General information
- Type: Powered parachute
- National origin: United States
- Manufacturer: Paladin Industries
- Status: Production completed (2012)

= Paladin Hercules =

American powered parachute

The Paladin Hercules is an American powered parachute, that was designed and produced by Paladin Industries of Pennsauken, New Jersey.

The company's website was removed in 2012, the company seems to have gone out of business and production ended.

==Design and development==
The Hercules was designed as a heavy-lift, two-seat powered parachute and as such it has a useful load of 600 lb. It features a parachute-style high-wing, two-seats-in-tandem accommodation, tricycle landing gear and a single 80 hp or 110 hp Hirth F-30 two-stroke engine in pusher configuration.

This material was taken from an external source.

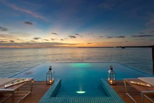 Dimensiuni: 290 mp Numar de camere: 1 camera Situată pe piloni deasupra Oceanului Indian, vila Ocean cu piscină oferă o piscină infinită, o cadă spa de sine stătătoare și o terasă în aer liber, care duce la lagună. Baia privată are duș și TV.
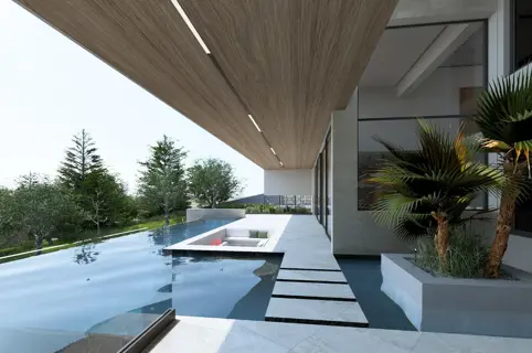 The villa is thoughtfully divided into two wings: the main residence and an independent guest wing. Together they provide six en‑suite bedrooms, expansive living and dining areas, and multiple indoor and outdoor spaces for entertainment and relaxation. The main house unfolds across three levels, connected by both staircase and private elevator. A dramatic double‑height living room with floor‑to‑ceiling glass creates an airy atmosphere filled with natural light, while the open‑plan kitchen and dining area are ideal for both casual and formal gatherings. The upper level hosts additional bedrooms with serene views, while the lower level is dedicated to leisure, featuring a home theater, billiard room, and a unique sauna with a glass wall offering an underwater view into the pool above. A secure garage with direct indoor access completes this section.

The aircraft carriage is constructed from a combination of bolted aluminium and 4130 steel tubing. Inflight steering is accomplished via a weight-shift tilt-bar that actuates the canopy brakes, creating roll and yaw. On the ground the aircraft has lever-controlled nosewheel steering. The factory-provided canopy is an Apco Aviation Ram Air with an area of 550 sqft. The landing gear incorporates independent hydraulic struts for suspension. The aircraft was factory-supplied in the form of an assembly kit that required 50 hours to complete.

Reviewer Andre Cliche described the Hercules as "a heavy hauler brute powered by an amazing 110 hp Hirth 4-cylinder 2-stroke engine."